Starting at the line containing "Lace Contour Plus" and ending at the line containing "Erwerben Sie neue", transcribe the listing below exactly. Keep both end lines, skip the pictures, and copy nothing else.
***** Input records *****
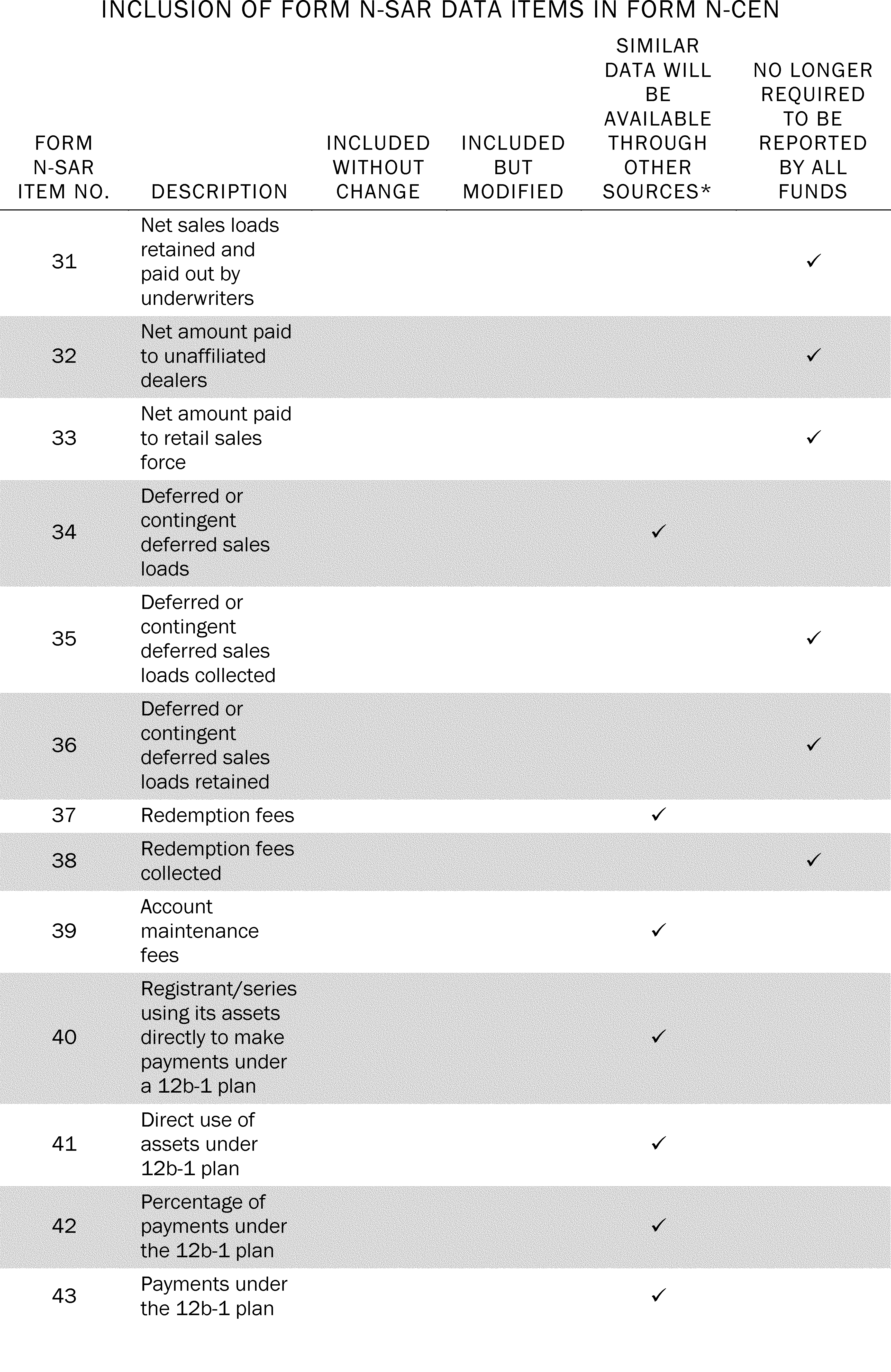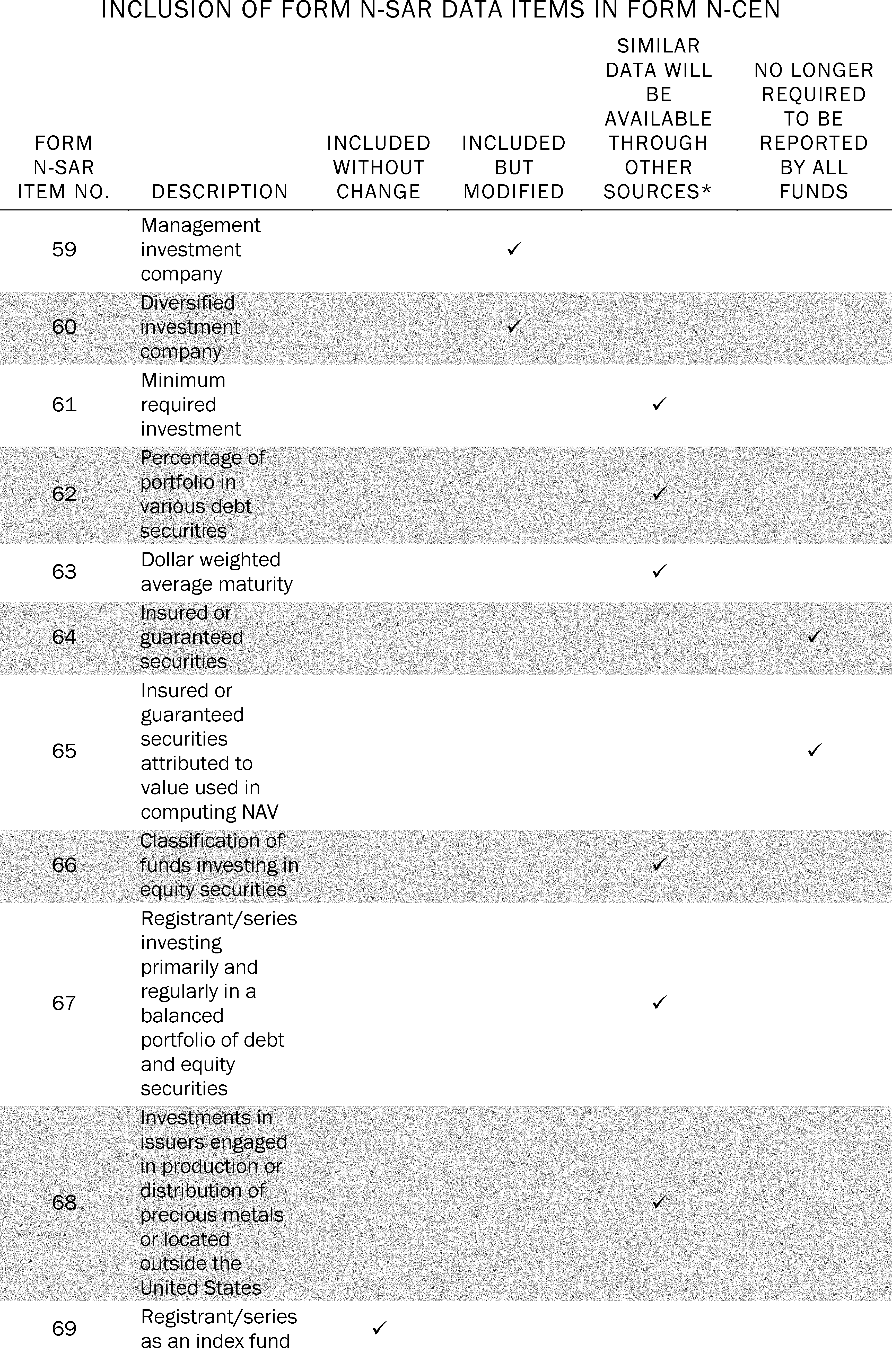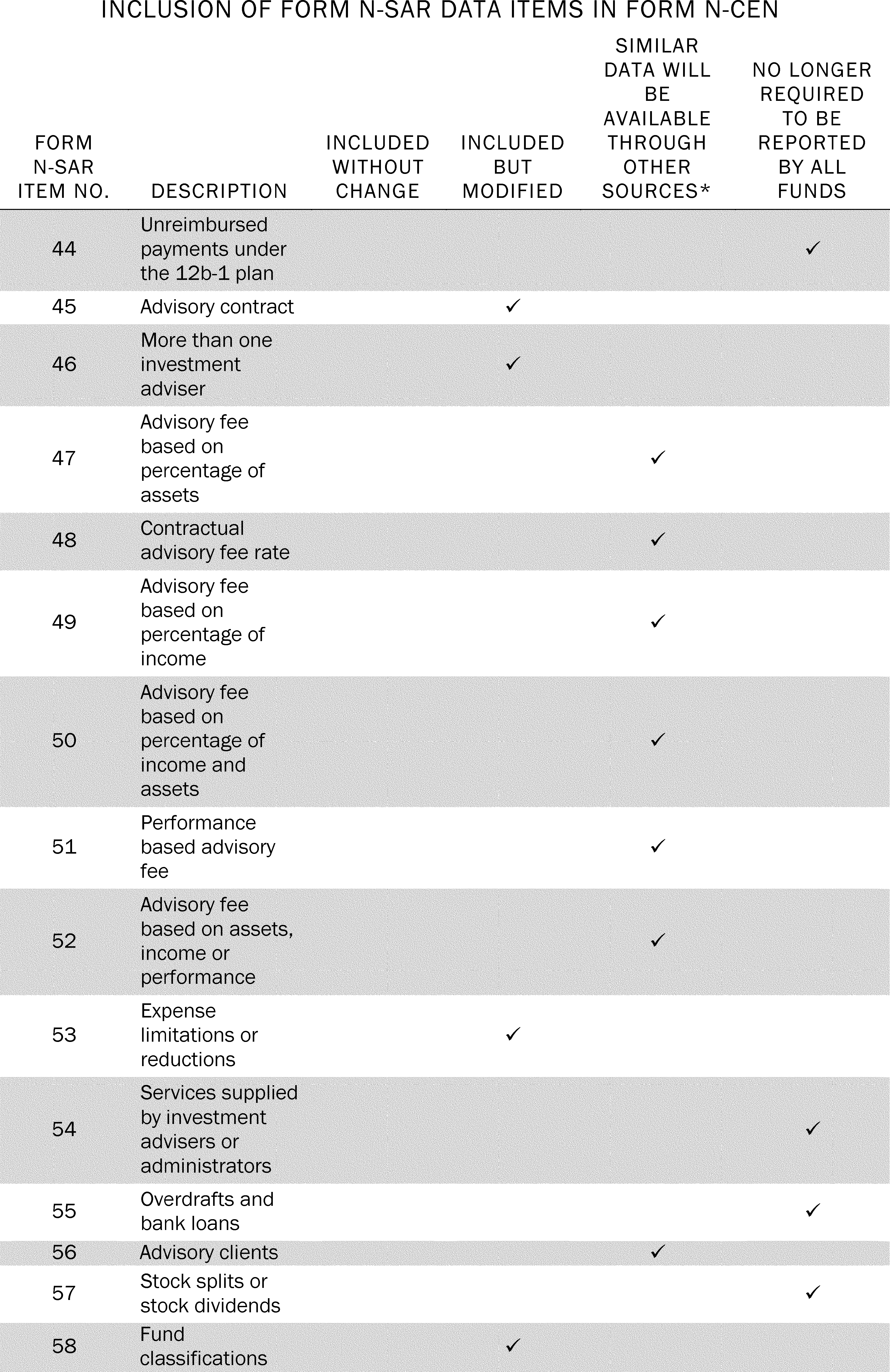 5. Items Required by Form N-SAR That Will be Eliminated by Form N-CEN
*****
***** Input records *****
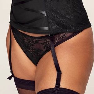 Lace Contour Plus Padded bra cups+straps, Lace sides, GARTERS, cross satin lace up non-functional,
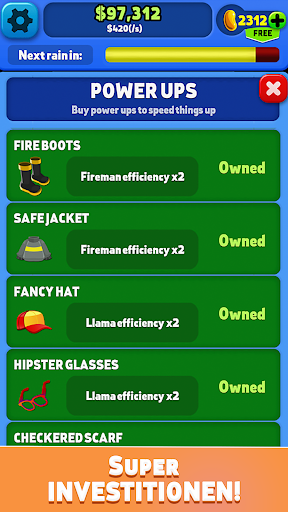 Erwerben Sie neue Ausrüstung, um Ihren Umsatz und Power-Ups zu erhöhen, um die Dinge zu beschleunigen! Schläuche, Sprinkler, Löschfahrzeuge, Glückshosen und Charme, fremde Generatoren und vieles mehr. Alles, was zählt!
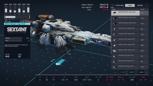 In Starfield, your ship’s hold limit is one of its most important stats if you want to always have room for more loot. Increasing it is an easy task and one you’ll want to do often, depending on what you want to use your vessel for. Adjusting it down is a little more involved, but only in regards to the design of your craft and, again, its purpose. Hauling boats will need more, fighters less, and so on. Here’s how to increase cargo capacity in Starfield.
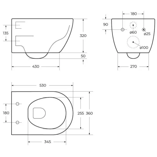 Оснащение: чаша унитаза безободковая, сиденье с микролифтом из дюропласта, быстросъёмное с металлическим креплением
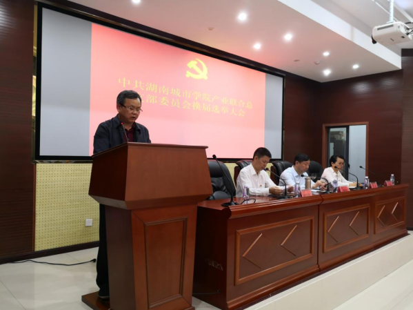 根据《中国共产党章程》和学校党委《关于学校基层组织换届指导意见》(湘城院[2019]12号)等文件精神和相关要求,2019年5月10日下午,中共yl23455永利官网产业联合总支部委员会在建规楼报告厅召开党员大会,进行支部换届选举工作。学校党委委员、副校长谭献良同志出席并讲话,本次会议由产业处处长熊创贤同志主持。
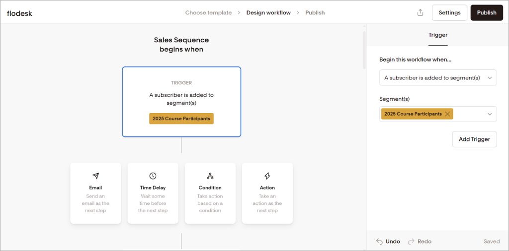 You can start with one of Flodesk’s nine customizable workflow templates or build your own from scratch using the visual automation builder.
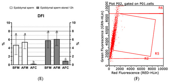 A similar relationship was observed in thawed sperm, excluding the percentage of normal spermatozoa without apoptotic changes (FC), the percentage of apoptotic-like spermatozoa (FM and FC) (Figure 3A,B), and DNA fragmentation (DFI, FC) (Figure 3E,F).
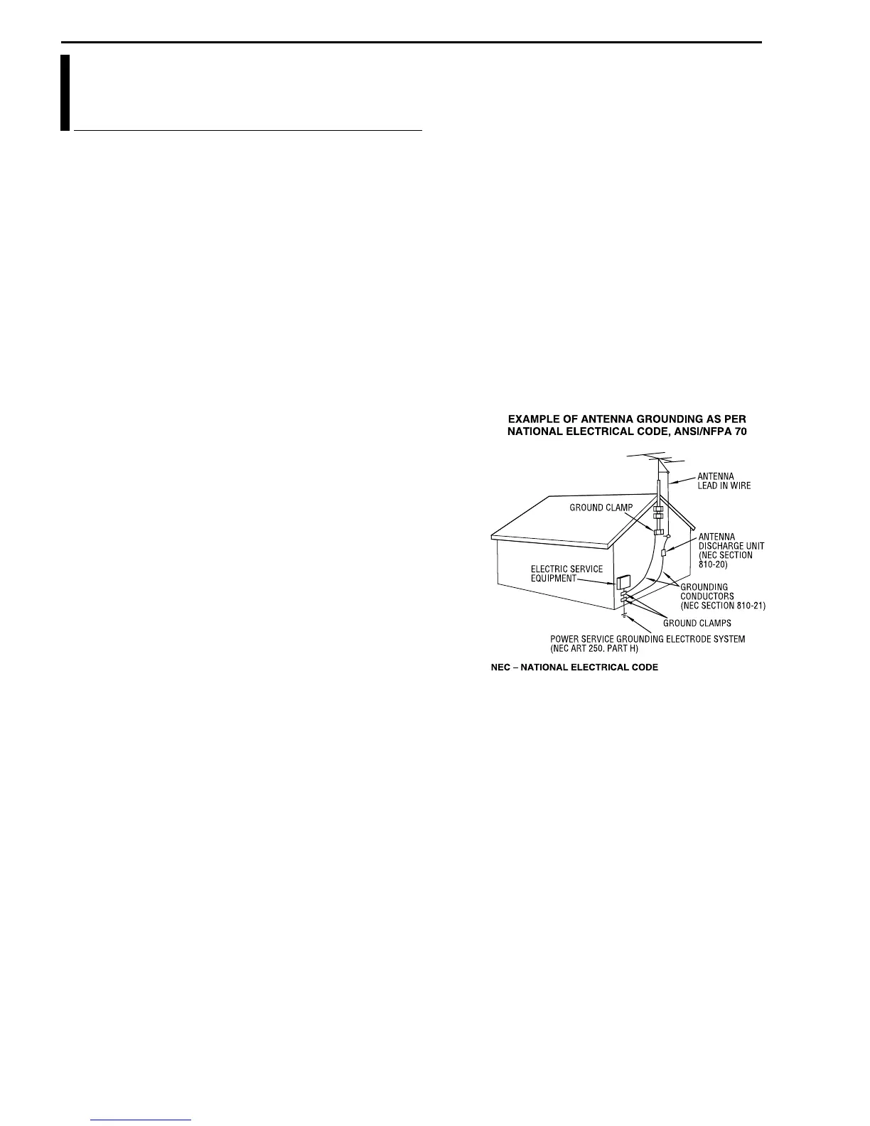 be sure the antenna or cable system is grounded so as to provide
*****
*Reply*
 Lace Contour Plus Padded bra cups+straps, Lace sides, GARTERS, cross satin lace up non-functional,
 Erwerben Sie neue Ausrüstung, um Ihren Umsatz und Power-Ups zu erhöhen, um die Dinge zu beschleunigen! Schläuche, Sprinkler, Löschfahrzeuge, Glückshosen und Charme, fremde Generatoren und vieles mehr. Alles, was zählt!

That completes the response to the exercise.